Yeah, I understand this, but then you are hard coding pixel format in the display-interface implementation. Maybe this is fine, I have only read through a few datasheets for different controllers and most seem to encode RGB data the same way for 8-bit, 16-bit etc,., so in practice this may be fine, but still, a consideration.

No, the display driver provides the pixel data encoding, the display-interface provides the transport. If the display requires some weird interleaving then it's up the display driver to supply that if it wants to support it, e.g.

Screen Shot 2020-08-10 at 19 39 50

A usable datasheet will always specifies the acceptable data format and how to stuff pixels into it:

Screen Shot 2020-08-10 at 19 42 37

Does your display actually offer a native 18bit mode? If not, there's no need for a 18bit data mode.

I'm not talking about the changed state, I'm talking about how the bits are written out to the data lines (specifically, how each bit is checked to see if it's 1).

? The line you've highlighted checked whether the bit has changed from the previous byte which was clocked out, maybe you've missed the XOR ? https://github.com/therealprof/display-interface/blob/48079b792bebb3bf60330bc5129828c564861a1e/parallel-gpio/src/lib.rs#L88

I'll keep this open as I may update this PR to still add "R/W" support, but with the current DataFormat system instead.

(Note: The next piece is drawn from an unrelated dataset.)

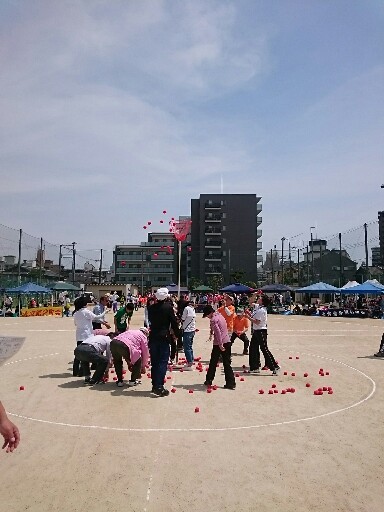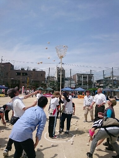 紅白玉入れは来賓・役員の方々の参加競技です。大人用に設定されたかごの高さはとても高く、玉を入れるのに一苦労でした。

That would be very welcome.

chrismoos commented 4 years ago

Does your display actually offer a native 18bit mode? If not, there's no need for a 18bit data mode.

Yeah, it does, although I don't have one of those displays in hand.

? The line you've highlighted checked whether the bit has changed from the previous byte which was clocked out, maybe you've missed the XOR ?

I was referring to if value & 4 != 0 {, if value & 8 != 0 {, etc,. for checking if a bit is set.

therealprof commented 4 years ago

I was referring to if value & 4 != 0 {, if value & 8 != 0 {, etc,. for checking if a bit is set.

That's just to cater for the GPIO API: if the bit is set the GPIO is pulled high, if not it's pulled low. All the changes are clocked in at once when pulling the WRX high.